=== Collected data entries ===

Segment Open

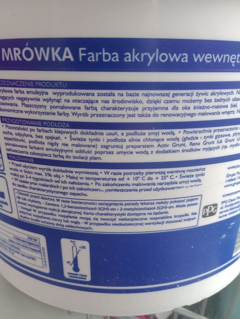 Sillä maalatut elementit on koristeltu silmiä miellyttävillä, lumisilla, mutta mattaväreillä. Tuotteella on erittäin korkea peittokyky, mikä tekee siitä taloudellisen.AkryylimaaliMRÓWKA soveltuu myös erilaisten sisätilojen kunnostamiseen. Sitä ei kuitenkaan tule käyttää pohjamaalina.
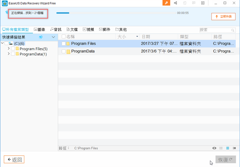 接著會進行快速掃描,這一步是用來找出「被刪除」的檔案,所以比較好找不到一分鐘就掃完了,也可以先選擇檔案類型來搜尋更精確。
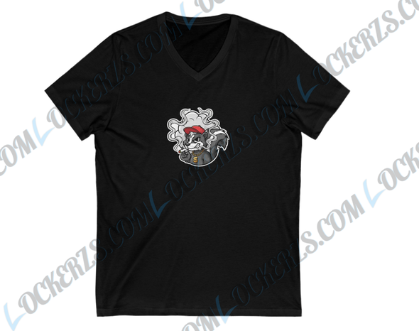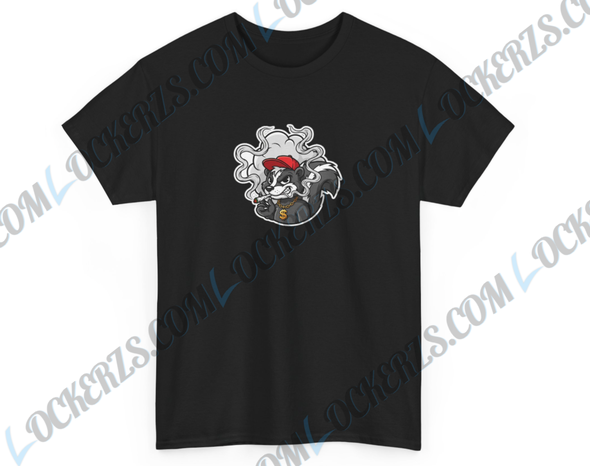 Introducing the “Skunky Vibes” T-shirt, a cool and quirky tee for those who appreciate a bit of playful edge in their style. This black T-shirt features a bold cartoon graphic of a skunk sporting a red backwards cap, sunglasses, and a gold chain with a dollar sign pendant, casually exhaling a cloud of smoke. It’s a fun, eye-catching design that’s sure to spark conversations and showcase your unique personality.
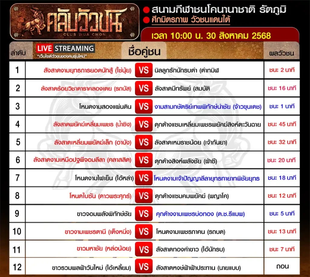 สรุปผลวัวชน สนามกีฬาชนโคนานาชาติ รัตภูมิ วันเสาร์ ที่ 30 สิงหาคม 2568 เริ่มชนเวลา 10:00 น
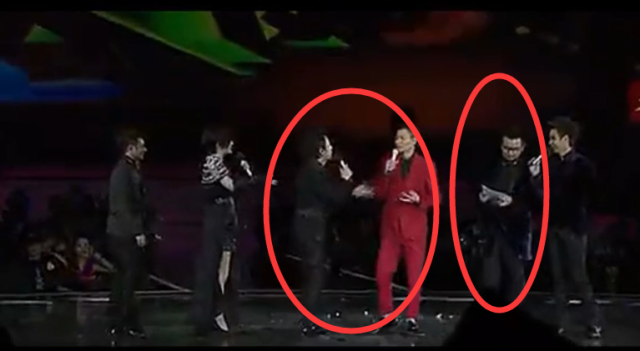 2012-2013年湖南跨年晚会,刘德华压轴演出,中间有全体主持人上台跟刘德华互动,何炅先开口,很习惯性滴说一些恭维刘德华的话,汪涵那头刚要说话,何炅就拍了刘德华后背一下,把汪涵的话抢了回去。
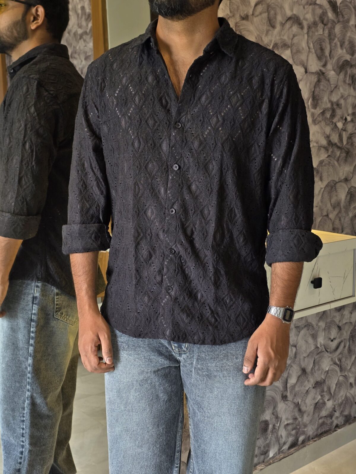 Elegant Black Crochet Shirt – Premium Artisanal Design
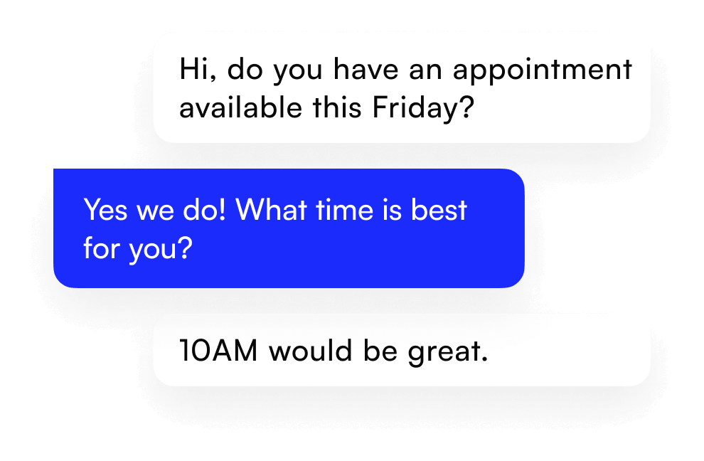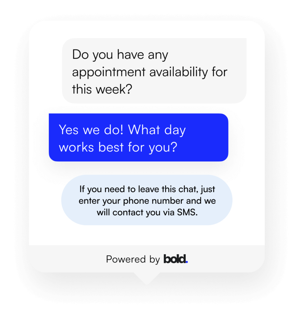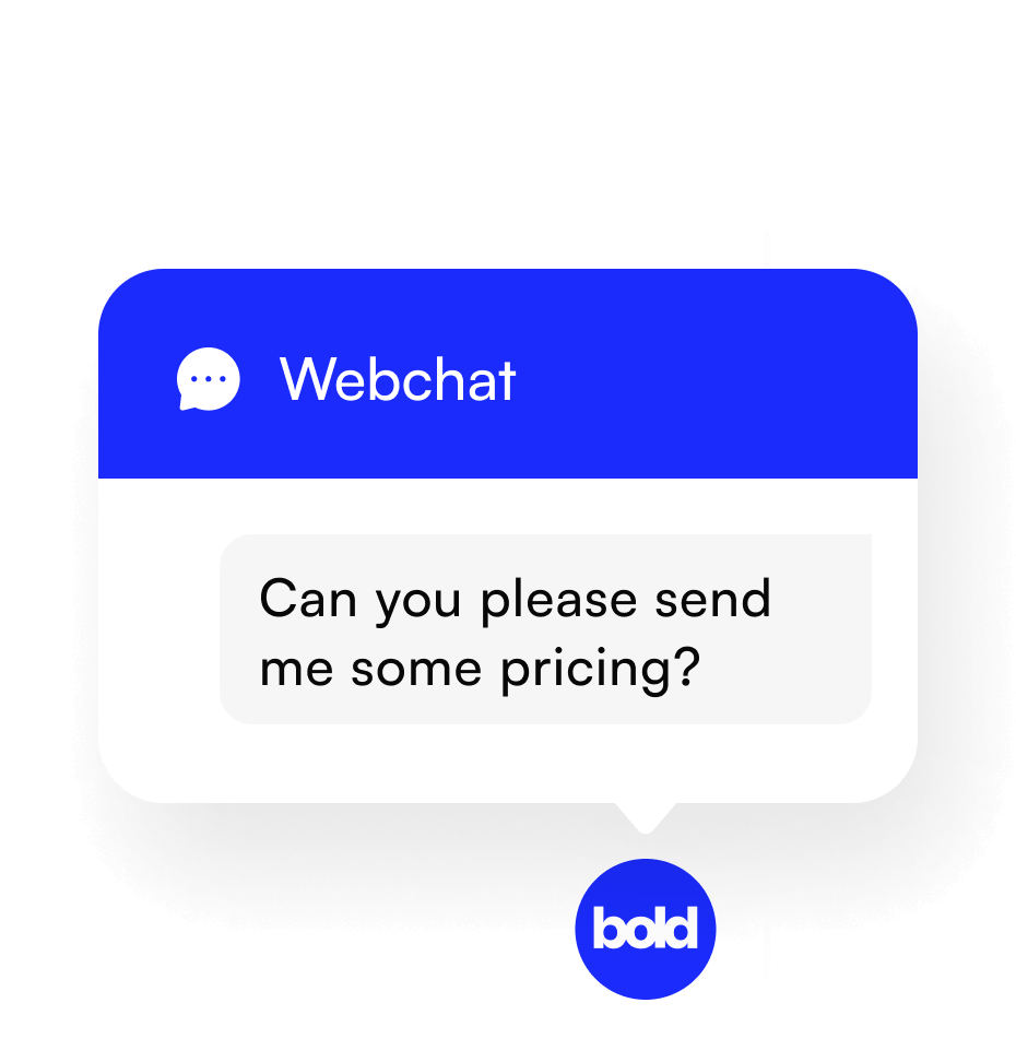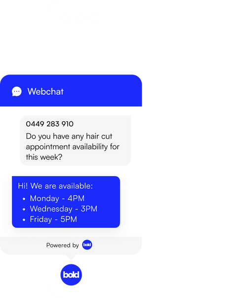 Webchat Turn more visitors into customers Bold webchat is not your typical chat widget, it’s a chat-to-sms system that converts more browsers into customers by keeping the conversation going long after they have left your website. Contact Sales Get Started The chat doesn't end when they leave your website. Convert more leads into customers by continuing the webchat over SMS so you close the deal while your leads are hot. Whether its appointment bookings, or general questions be instant to respond, and quick to close. Get Started Contact Sales Message your way to more revenue. Chat with customers, book appointments, send payment requests and close more deals all in the same conversation. Allow Bold AI to automatically book appointments during or after hours using conversational messaging. Get Started Contact Sales Tag and assign conversations. Tag contacts and conversations, segment contacts based on tags, and easily assign conversations to different staff members. Build automations and campaigns based on tags and conversations. Get Started Contact Sales Message your way to more revenue. Chat with customers, book appointments, send payment requests and close more deals all in the same conversation. Allow Bold AI to automatically book appointments during or after hours using conversational messaging. Get Started Contact Sales Track customer interaction. See the complete history of a lead or customer’s interaction with your website, social channels, calls, sms and email. Get Started Contact Sales All the features you need to boost your online reviews. AI Intelligence Use AI conversational messaging to automatically book appointments for you. Intelligent Responses Automatically answer common questions, such as opening hours, availability and FAQ. Multi-platform Keep the conversation going on desktop, tablet or the Bold mobile app. Leaderboard View staff response times and closing rates at a glance. Auto Responder Automatically capture a leads name and phone number on every chat. Want instant access to your new messaging platform? Get Started Contact Sales Our Platform Bookings Automatically book leads into your calendar. Manage availability and organise your team. Use Bold AI to automate appointments. Inbox Merge your email, SMS and social media messages into one unified inbox. Never miss client communication again. Web Chat Use our chat-to-sms widget to keep the conversation going long after the customer has left your website. Reviews Generate reviews automatically and at rapid pace. Easily filter out negative or 1-star reviews and rank at the top of Google. Payments Make it easy for customers to purchase your product or service. Send invoices, keep track of what’s unpaid and get paid faster. Campaigns Leverage high converting SMS campaigns. Use Bold AI to message the customer based on their interaction with your business.

Segment Closed

=== Your objective ===
Could you output all of the entries above exactly? Leave the pictures out.

=== Exercise result ===
 Sillä maalatut elementit on koristeltu silmiä miellyttävillä, lumisilla, mutta mattaväreillä. Tuotteella on erittäin korkea peittokyky, mikä tekee siitä taloudellisen.AkryylimaaliMRÓWKA soveltuu myös erilaisten sisätilojen kunnostamiseen. Sitä ei kuitenkaan tule käyttää pohjamaalina.
 接著會進行快速掃描,這一步是用來找出「被刪除」的檔案,所以比較好找不到一分鐘就掃完了,也可以先選擇檔案類型來搜尋更精確。
 Introducing the “Skunky Vibes” T-shirt, a cool and quirky tee for those who appreciate a bit of playful edge in their style. This black T-shirt features a bold cartoon graphic of a skunk sporting a red backwards cap, sunglasses, and a gold chain with a dollar sign pendant, casually exhaling a cloud of smoke. It’s a fun, eye-catching design that’s sure to spark conversations and showcase your unique personality.
 สรุปผลวัวชน สนามกีฬาชนโคนานาชาติ รัตภูมิ วันเสาร์ ที่ 30 สิงหาคม 2568 เริ่มชนเวลา 10:00 น
 2012-2013年湖南跨年晚会,刘德华压轴演出,中间有全体主持人上台跟刘德华互动,何炅先开口,很习惯性滴说一些恭维刘德华的话,汪涵那头刚要说话,何炅就拍了刘德华后背一下,把汪涵的话抢了回去。
 Elegant Black Crochet Shirt – Premium Artisanal Design
 Webchat Turn more visitors into customers Bold webchat is not your typical chat widget, it’s a chat-to-sms system that converts more browsers into customers by keeping the conversation going long after they have left your website. Contact Sales Get Started The chat doesn't end when they leave your website. Convert more leads into customers by continuing the webchat over SMS so you close the deal while your leads are hot. Whether its appointment bookings, or general questions be instant to respond, and quick to close. Get Started Contact Sales Message your way to more revenue. Chat with customers, book appointments, send payment requests and close more deals all in the same conversation. Allow Bold AI to automatically book appointments during or after hours using conversational messaging. Get Started Contact Sales Tag and assign conversations. Tag contacts and conversations, segment contacts based on tags, and easily assign conversations to different staff members. Build automations and campaigns based on tags and conversations. Get Started Contact Sales Message your way to more revenue. Chat with customers, book appointments, send payment requests and close more deals all in the same conversation. Allow Bold AI to automatically book appointments during or after hours using conversational messaging. Get Started Contact Sales Track customer interaction. See the complete history of a lead or customer’s interaction with your website, social channels, calls, sms and email. Get Started Contact Sales All the features you need to boost your online reviews. AI Intelligence Use AI conversational messaging to automatically book appointments for you. Intelligent Responses Automatically answer common questions, such as opening hours, availability and FAQ. Multi-platform Keep the conversation going on desktop, tablet or the Bold mobile app. Leaderboard View staff response times and closing rates at a glance. Auto Responder Automatically capture a leads name and phone number on every chat. Want instant access to your new messaging platform? Get Started Contact Sales Our Platform Bookings Automatically book leads into your calendar. Manage availability and organise your team. Use Bold AI to automate appointments. Inbox Merge your email, SMS and social media messages into one unified inbox. Never miss client communication again. Web Chat Use our chat-to-sms widget to keep the conversation going long after the customer has left your website. Reviews Generate reviews automatically and at rapid pace. Easily filter out negative or 1-star reviews and rank at the top of Google. Payments Make it easy for customers to purchase your product or service. Send invoices, keep track of what’s unpaid and get paid faster. Campaigns Leverage high converting SMS campaigns. Use Bold AI to message the customer based on their interaction with your business.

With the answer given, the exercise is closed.